John Peterson writes:

	Amir Kishon & I are trying to start a crusade against the `pattern
	binding law'.

I don't think anyone on the committee would claim that the pattern-binding
rule was anything other than the best of a bad lot, and indeed this was
quite a controversial issue. Since I favoured the rule, let me have a go
at defending it.

First let's be clear about what the rule says. To quote:

  "Variables not bound directly to a lambda abstraction may be
  polymorphic and overloaded, but must also obey the rule: variables not
  bound directly to lambda abstractions must not be used at more than
  one distinct overloading."

The restriction applies only to overloading. Pattern bindings in
Haskell can still be polymorphic, but they cannot be overloaded. So
it's quite OK to define, say,

	reverse = foldr snoc [] where snoc x xs = xs++[x]

and the function so defined is polymorphic.
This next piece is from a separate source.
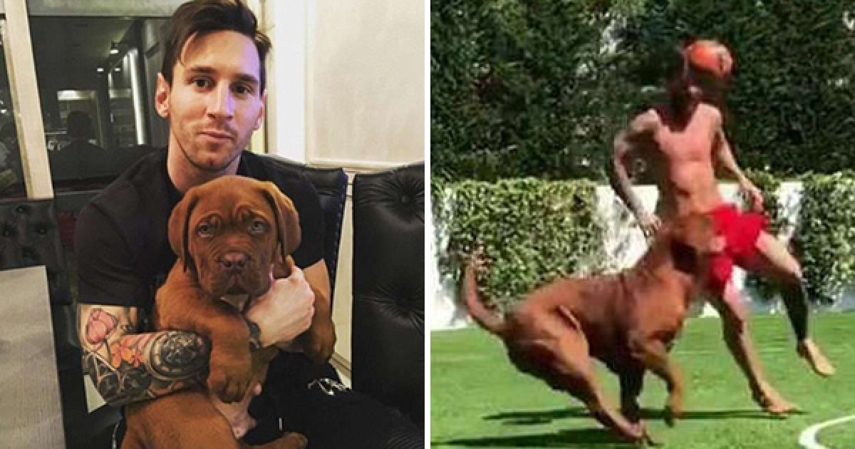 梅西療傷秀6塊肌跟狗玩球 「技術太高超」讓狗一臉呆:球去哪了?

What is NOT OK is to define,
say,

	x = fac 6

and then use x both as an Int and an Integer. Sorry if I'm teaching
grandmothers to suck eggs. I'm labouring the point because John
Peterson often says monomorphic when he means non-overloaded, and I
want to make sure we are not confusing the two.
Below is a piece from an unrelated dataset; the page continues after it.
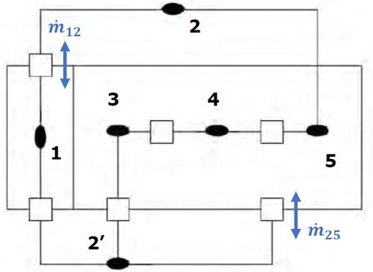 and in the case where the flow path between nodes 1 and 2 is located at a height of Z2 with respect to the flow path between nodes 1 and 2′, then (Equation (19)]:
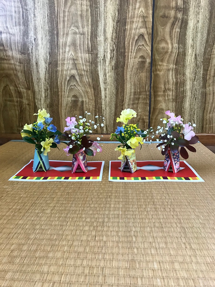 華道部ではお花のお雛様を作りました。

In particular, any program which does not make use of overloading should
type-check in Haskell if its translation would type-check in ML.
Polymorphic functions are therefore no more second class citizens in
Haskell than they are in ML, although overloaded functions are distinctly
second class in Haskell. Moreover, since the transformation that
introduces dictionary parameters into a Haskell program also eliminates
overloading, resulting declarations of the form "dict = (f1,f2,f3...)"
are unaffected by the pattern-binding rule.
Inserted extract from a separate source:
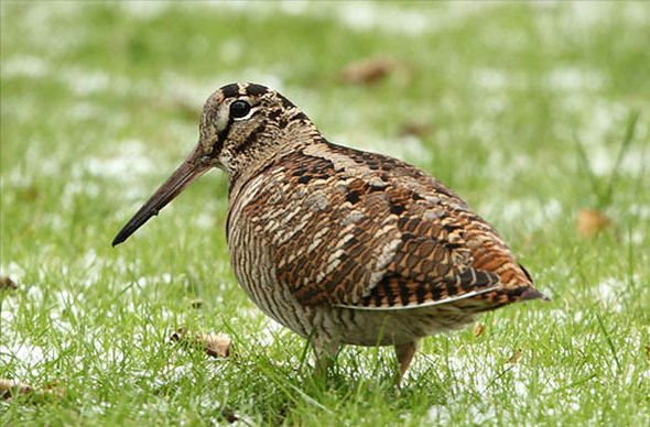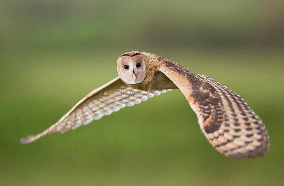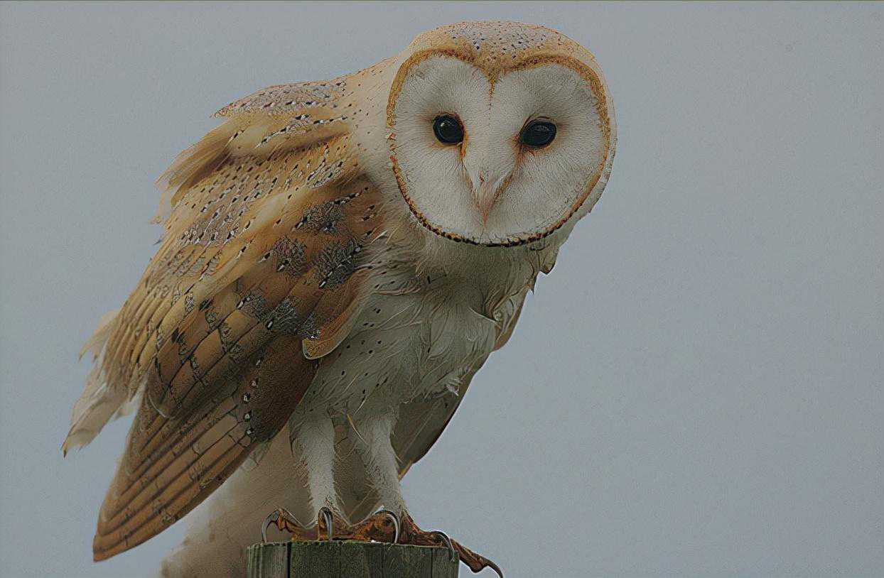 仓鸮又叫猴面鹰,头大而圆,面盘白色,有时沾棕,特别是眼先棕色,眼周浅棕色。面盘四周围有一棕色或橙黄色领环,颈侧及肩浅棕黄色,微具黑褐色及白色斑点。其余上体浅灰色,羽缘棕黄色,各羽遍布浅褐色虫蠹细斑,近末端处有黑缘的白点。

Certainly the pattern-binding rule is a wart which adds to the conceptual
burden on the programmer and makes some transformations invalid. But 
without it, Haskell would suffer from what I regard as an infinitely more
serious problem. Consider the definition

	f n = (y,y) where y=nfib 20

Without the pattern-binding rule, the two occurrences of y could be at
different overloadings. Since Haskell has no implicit coercions, that
would force the implementation to compute nfib 20 twice. To anyone who
has programmed in any other functional language, this would come as
a complete surprise. Moreover, it's possible to construct programs of
size O(n) in which overloaded bindings are evaluated exponentially
many times. As John Peterson points out, it's possible for the wary programmer
to ensure this doesn't happen by adding appropriate type signatures...
but what about the unwary programmer? Similarly, one can imagine
optimising compilers which avoid unexpected recomputation in the majority
of cases...but the committee could not see how to GUARANTEE that
recomputation would never happen.

John Peterson says in conclusion:

	As a final note, we believe that the efficiency we gain by the pattern
	binding typing law is far less substantial than the eventual
	complications to Haskell.  As we understand, this law came up mainly
	to solve efficiency problems.

But the pattern binding rule is NOT there to improve efficiency, although
of course it does. It's there so that Haskell programs have a predictable
time and space complexity. Without it, slight changes such as modifying
an implementation of sets to use equality tests internally (thus making
more functions overloaded) could dramatically affect the complexity -- not
just efficiency -- of distant parts of the program. Such obscure
behaviour would be a trap even for the wary.

In my view, a programming language in which you cannot predict the
complexity of your programs is a disaster.